A Yale professor, Daniel HoSang, insists that CRT is not “content” or a “set of beliefs.” Instead, it is an approach that “encourage(s) us to move past superficial explanations that are given about equality and suffering and to ask for new kinds of explanations.”

Is Critical Race Theory The Same as Systemic Racism

systemic racism This Is How To Make Any Sense Of Critical Race Theory (Simplified & Explained)

People are talking about race. They are talking about critical race theory. There are also conversations about the role of systemic racism in American society and across the globe. 

All this talk, for some of us, means more or less the same thing. I mean, isn’t race the issue at the center of them all?

Critical race theory and systemic racism are intertwined, just that they are a bit different, more like fraternal twins.

Critical race theory, CRT, is a tool of study in academia based on how racism has been institutionalized. CRT is not about individual racism.

It enlightens us on matters of race and racism and how systemic and institutional racism operates. 

CRT basically interrogates the role of racism in society. 

It urges the masses to recognize how systemic discrimination operates and demand the society to do better. 

This theory upholds the foundations of certain ideologies in mainstream society, such as capitalism, white privilege, and white supremacy, concepts that have been integrated into institutions and systems in America.

Systemic racism, also known as structural racism or institutional racism, is basically a kind of racism that is structural, embedded in our laws, regulations, institutions, and structures of governance.

Critical race theory suggests that systemic racism is baked into every facet of life, not just limited to physical interactions. It is the long-standing inequalities that black Americans, indigenous, and other people of color face.

How Systematic Racism Affects People of Color

  • Cultures of Discrimination

According to Kimberle Crenshaw, the law has enabled how long racism and white supremacy have persevered in the U.S. 

CRT points out just how systemic racism has enabled unjust government procedures and processes that mainly disadvantage people of color.

This form of racism has long manifested itself in vital societal factors like the criminal justice system, housing insecurity, education, health care, policing, employment, racial wealth gap, politics, and many more.

Unfortunately, these systems reward some names and cultures over others.

  • Invisible Systems

Systemic racism assumes that superiority can permeate one’s thinking consciously or unconsciously.

For instance, this form of racism has been around since the age of slavery in the country, to the segregation of black people thanks to the Jim Crow laws, to the undue criminalization and brutality against African Americans.

But even with anti-discriminatory laws, systemic racism lives on today.

Even though mainstream society may not see itself as racist, they still benefit from these systems that favor white people (white privilege). They can still enable racism unconsciously. 

Conclusion

Critical race theory is obviously controversial as whenever race is a topic it creates uncomfortable conversations.

But these conversations should not be political, they should be fact based.

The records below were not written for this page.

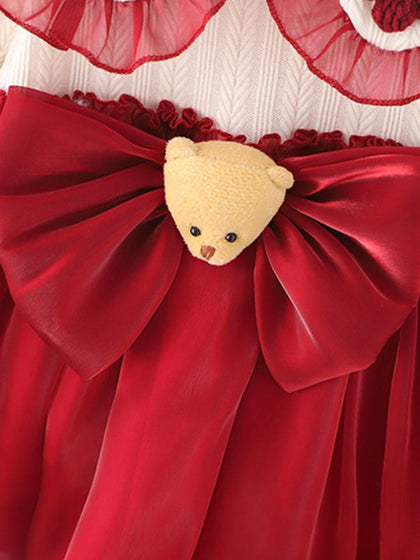 YK Girls Self Design Bow Detail Fit & Flare Dress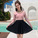 Wholesale Hot spring conservative high-end long sleeved swimsuit youthful and energetic women's split flat angle swimsuit covering the belly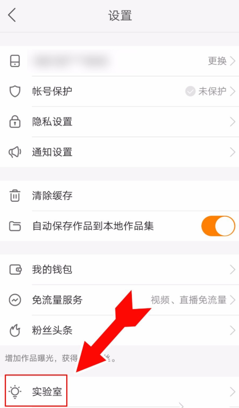 在设置页面下方找到实验室,点击并进入,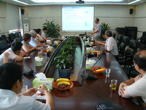 戚局长等听取了我所黄伟项目研究员有关发光二极管(LED)封装材料的报告,并就LED封装材料的研发现状、市场前景以及产业化模式与我所科研人员进行了探讨。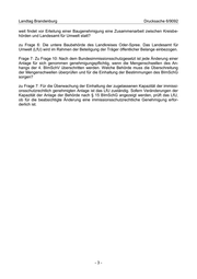 Landtag Brandenburg Drucksache 6/9092 weit findet vor Erteilung einer Baugenehmigung eine Zusammenarbeit zwischen Kreisbe- hörden und Landesamt für Umwelt statt? zu Frage 6: Die untere Baubehörde des Landkreises Oder-Spree. Das Landesamt für Umwelt (LfU) wird im Rahmen der Beteiligung der Träger öffentlicher Belange einbezogen. Frage 7: Zu Frage 10: Nach dem Bundesimmissionsschutzgesetzt ist jede Änderung einer Anlage für sich genommen genehmigungspflichtig, wenn die Mengenschwellen des An- hangs der 4. BImSchV überschritten werden. Welche Behörde muss die Überschreitung der Mengenschwellen überprüfen und für die Einhaltung der Bestimmungen des BImSchG sorgen? zu Frage 7: Für die Überwachung der Einhaltung der zugelassenen Kapazität der immissi- onsschutzrechtlich genehmigten Anlage ist das LfU zuständig. Sofern Veränderungen der Kapazität der Anlage der Behörde nach § 15 BImSchG angezeigt werden, prüft das LfU, ob für die beabsichtigte Änderung eine immissionsschutzrechtliche Genehmigung erfor- derlich ist. -3-

If critical race theory forces us to have uncomfortable conversations about our (clearly racist) american history, then lets have the conversations and use them to move forward is the best interest of everyone. 

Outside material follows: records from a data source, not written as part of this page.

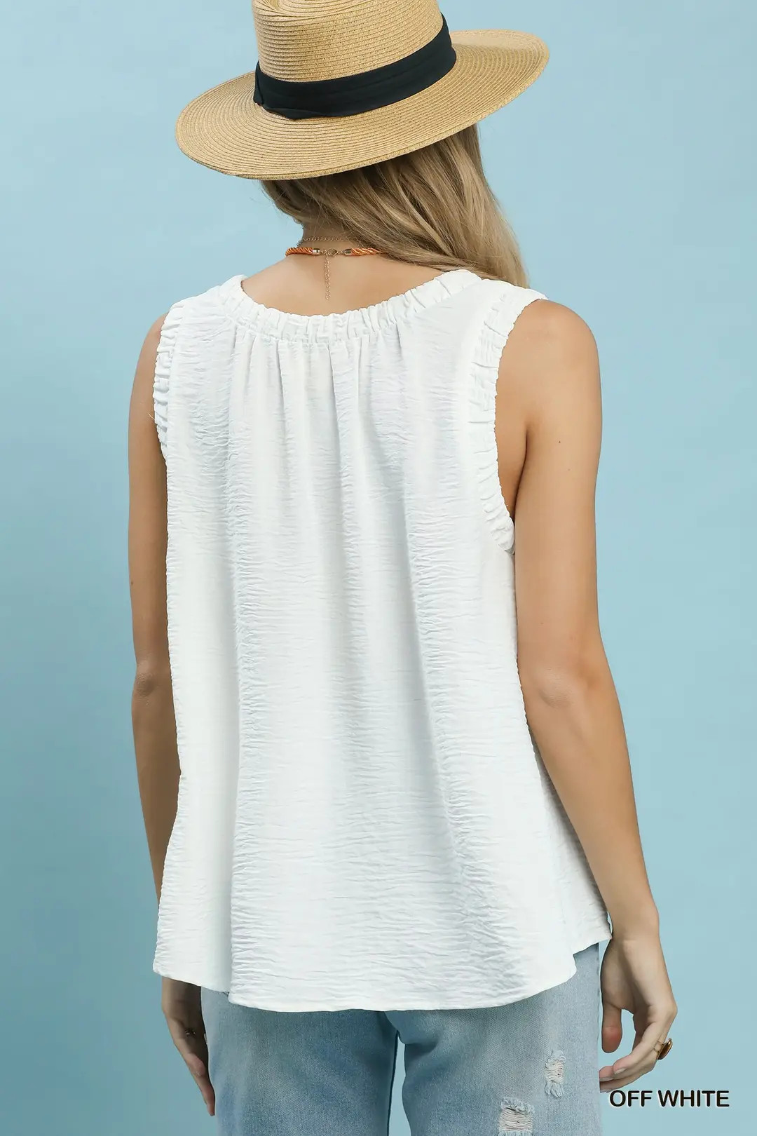 This sleeveless top highlights a delicate ruffle neckline for soft, feminine charm. The subtle ruffle detailing adds romantic dimension, while the streamlined sleeveless design delivers breezy, warm-weather comfort. Made from lightweight fabric, it offers a flattering, relaxed fit and all-day wearability. Effortlessly versatile, it pairs perfectly with jeans, shorts, skirts, and layered outfits for daily casual looks, brunch, and seasonal everyday styling.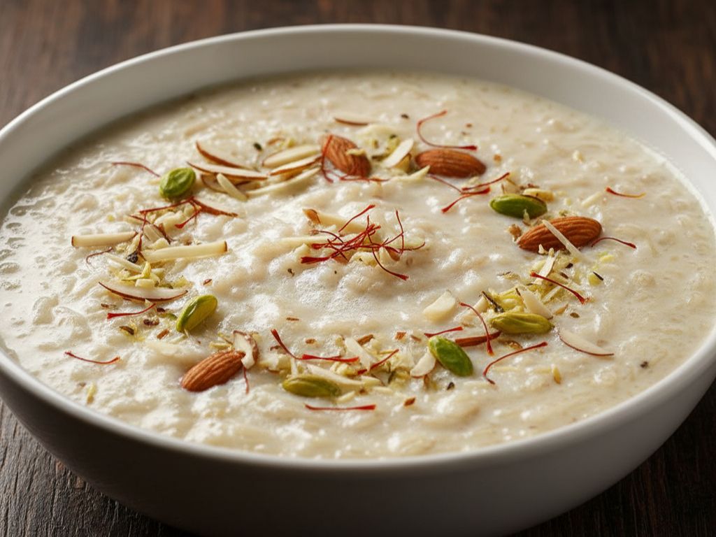 A creamy Indian rice pudding delicately flavored with cardamom, garnished with nuts and raisins.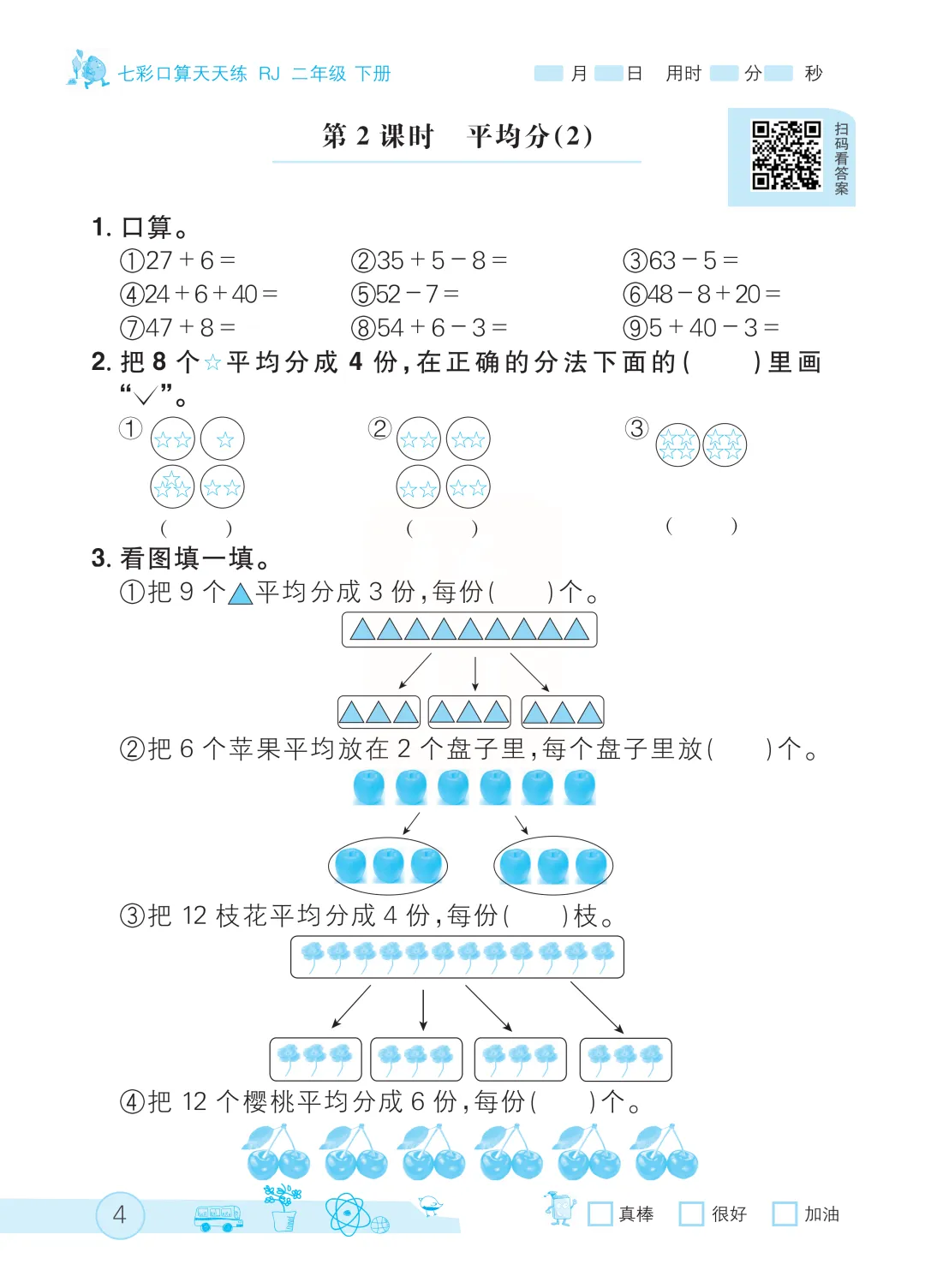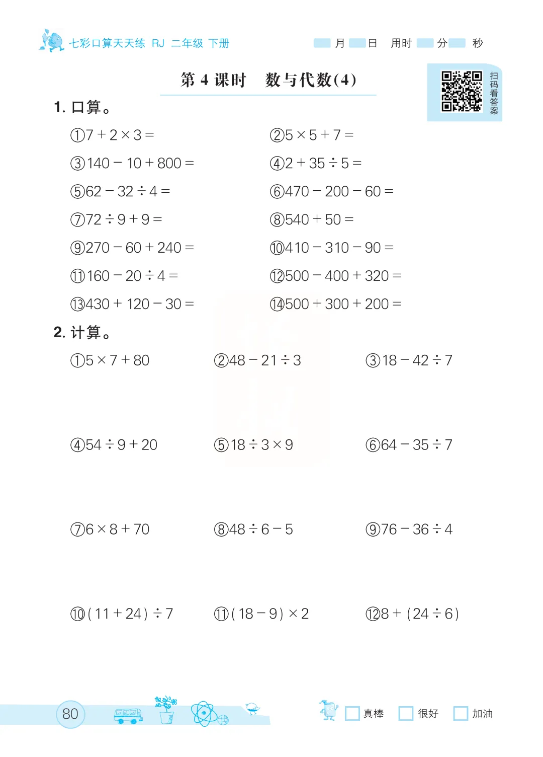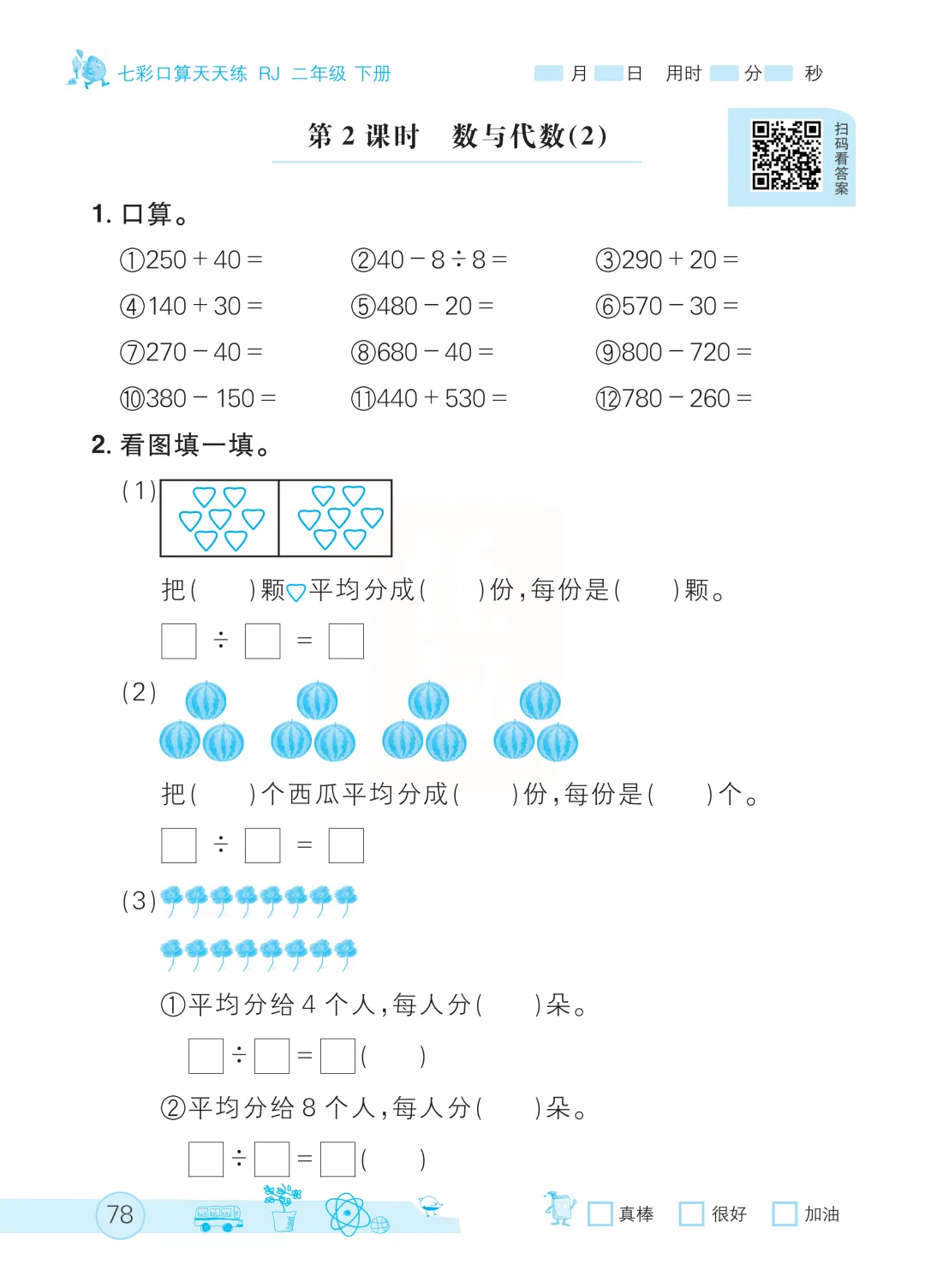 《七彩口算天天练》二年级下册数学, 电子版可打印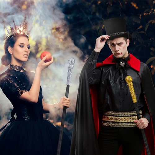 - Elegant Cane Set: the package includes one gold and one silver style pimp cane, suitable for a variety of Halloween costumes; Ideal for dressing up as a queen, king, wizard, and more; Exudes enchanting charm wherever you go

We all know that slavery was a racist institution that helped build America. When our founding fathers wrote the construct for how our country should be run, they did so when slavery was legal. And it took another 100 years after America was formed to end slavery.

It stands to reason that these laws should be looked at critically to see if they are (unintentionally) bias towards minority races or not.

How this is taught in schools should be examined. CRT was meant as a college level theory. it may be important, but teaching this in K-12 should not necessarily be “banned”, but certainly should be examined carefully.